Once you have qualified for Social Security disability payments in the form of SSI or SSDI, there is no guarantee that you will keep receiving the same payment amount indefinitely. There are several factors that can affect the size of your monthly benefit checks. Read on to learn more:
A disabled individual can receive overpayments, or checks worth more than what the individual is owed from the Social Security Administration. Overpayments occur for several reasons: 1) the disabled individual does not report changes in their income, 2) the disabled individual does not report changes in their living situation, or 3) the Social Security Administration simply makes a mistake. If you become aware of overpayments in your disability checks, it is best to report them right away. The Social Security Administration will then deduct money from all future checks until the amount is paid back—otherwise, a payment plan will need to be negotiated with the SSA.
Participating in disability reviews
After you begin receiving monthly disability payments, your case will be reviewed by the Social Security Administration periodically to determine whether or not your condition has improved “too much.” If it is decided that you are in good enough health to return to some type of work, you will be disqualified from receiving disability benefits and your checks will cease to arrive.
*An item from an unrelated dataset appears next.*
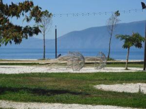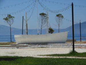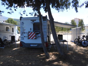 Gestern Morgen haben wir die Asphaltwüste und auch Kiki nach einer Nacht verlassen und sind zurück nach Vlora, zum Platz am Meer gefahren. Da wir dieses Mal deutlich früher dran waren, haben wir noch einen Platz in der ersten Reihe ergattern können. Während wir alles aufbauten kamen dann zwei junge Deutsche zu uns und fragten uns über den Platz aus. Wir plauderten eine Weile über unsere Reisen und stellten fest, dass der Verkehr und die Straßen uns alle nachhaltig prägten. Leider erzählten sie uns dann, dass ihr Kühler ausgefallen und der Motor daher am Kochen ist. Daher legten sie die Zwangspause auf dem Platz ein, den sie aber eigentlich gar nicht besuchen wollten. Auf unseren Rat hin haben sie dann ihre Route geändert. Durch die Berge mit ausgefallenem Kühler ist unmöglich. Da sie aber auch bis zum äußeren Rand Albaniens fahren wollten, haben wir ihnen die Schnellstraße empfohlen. Nachdem ihr Auto wieder fahrbereit war, haben sie die Weiterreise angetreten und wir haben unser mittägliches Frühstück mit Meeresrauschen im Ohr abgehalten.

If you receive notice that your benefits are about to cease, you are allowed to file an appeal. You are also able to request that your disability benefits continue while you appeal. This appeals process is called a continuing disability review (CDR).
Returning to work
Although a disability review can determine that an individual is healthy enough to return to work, an individual may also decide to return to work without ever speaking with a disability examiner. For many people, working is an important and integral part of their lives. No longer being able to work and provide for a family is a large emotional struggle for many disabled people, so the prospect of returning to work may actually be a relief instead of a burden.
If, at any time, an individual returns to their previous job or a different job in the economy, they will be disqualified from receiving Social Security disability.
Any changes to your “situation”
When it comes to receiving Social Security disability, even the smallest change in your life can result in a decrease (or increase) of payments. In addition to financial changes in your life, such as returning to work, changes in other areas of your life can also affect your disability payments. Changes in your marital status, state of residence, assets, and living situation should all be reported to the Social Security Administration as soon as they occur. The sooner you can report and record these changes, the easier settling your finances with the SSA will be down the road.